There is nothing inside the recursive function that doesn’t relate to the problem. There is no reference to a numerical index that has no relationship to the simulation. There is no need to allocate an array. There is no need to properly place the results into an array. The recursive function defines the problem and nothing but the problem and lets the language take care of the irrelevant implementation details. The student needs only think about how to make y[t] and y[t-1] align properly to make the call to Reduce work.

As the problem grows in complexity, the above properties will continue to hold. The recursive function will still be only a few lines long. The call to Reduce will be one line. The call to replicate will be one line to call Reduce and one line to compute the summary statistic of interest. Recursion scales particularly well.
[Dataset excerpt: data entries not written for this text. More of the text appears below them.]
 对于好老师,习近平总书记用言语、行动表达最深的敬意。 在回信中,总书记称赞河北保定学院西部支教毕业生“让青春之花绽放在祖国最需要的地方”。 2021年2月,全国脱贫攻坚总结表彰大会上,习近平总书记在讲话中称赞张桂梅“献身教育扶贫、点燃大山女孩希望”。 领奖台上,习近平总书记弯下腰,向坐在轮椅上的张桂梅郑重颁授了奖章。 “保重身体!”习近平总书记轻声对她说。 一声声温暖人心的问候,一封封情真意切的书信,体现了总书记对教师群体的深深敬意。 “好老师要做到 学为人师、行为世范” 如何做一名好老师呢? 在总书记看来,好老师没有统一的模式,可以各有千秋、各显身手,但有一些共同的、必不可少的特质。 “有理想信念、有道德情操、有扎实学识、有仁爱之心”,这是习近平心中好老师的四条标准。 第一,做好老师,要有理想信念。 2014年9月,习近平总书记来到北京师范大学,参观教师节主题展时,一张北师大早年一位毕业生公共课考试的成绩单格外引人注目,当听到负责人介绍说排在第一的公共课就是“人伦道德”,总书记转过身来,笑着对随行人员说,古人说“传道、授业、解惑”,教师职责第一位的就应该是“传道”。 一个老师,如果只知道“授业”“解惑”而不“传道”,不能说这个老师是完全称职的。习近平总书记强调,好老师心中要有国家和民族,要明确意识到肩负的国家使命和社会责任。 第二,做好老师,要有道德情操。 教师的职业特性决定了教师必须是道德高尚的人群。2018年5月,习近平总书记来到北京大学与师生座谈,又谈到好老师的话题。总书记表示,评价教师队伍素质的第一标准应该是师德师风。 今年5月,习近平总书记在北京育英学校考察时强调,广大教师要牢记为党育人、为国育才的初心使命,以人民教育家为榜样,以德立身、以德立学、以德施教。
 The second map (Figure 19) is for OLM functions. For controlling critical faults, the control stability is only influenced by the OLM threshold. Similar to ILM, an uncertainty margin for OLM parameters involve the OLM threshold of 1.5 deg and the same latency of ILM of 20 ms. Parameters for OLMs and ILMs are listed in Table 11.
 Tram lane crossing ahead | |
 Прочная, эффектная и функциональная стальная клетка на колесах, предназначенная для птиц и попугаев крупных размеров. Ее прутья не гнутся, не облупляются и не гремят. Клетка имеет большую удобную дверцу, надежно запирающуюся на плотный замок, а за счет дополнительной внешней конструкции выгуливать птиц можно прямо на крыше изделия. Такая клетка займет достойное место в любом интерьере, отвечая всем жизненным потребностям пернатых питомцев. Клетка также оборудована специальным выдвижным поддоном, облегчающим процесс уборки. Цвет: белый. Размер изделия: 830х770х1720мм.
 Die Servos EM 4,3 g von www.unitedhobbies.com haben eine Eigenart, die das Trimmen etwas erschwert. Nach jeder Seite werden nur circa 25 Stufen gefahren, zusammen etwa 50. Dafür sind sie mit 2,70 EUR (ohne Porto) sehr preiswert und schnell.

Students make good use of their time because they’re focused on modeling the question of interest rather than the implementation details.


  1. I make no claim that this is the best choice. A good argument could be made for numerous other languages. R is one of many well-designed languages I enjoy using. Yes, I said it’s well-designed. I’ve never seen a computer scientist make a compelling argument against R, though I’ve read many critiques that demonstrated computer scientists would do well to spend time learning about statistical analysis before opining on the topic. Let’s not forget that computer scientists thought it was a good idea to use Java in Programming 101 classes.↩︎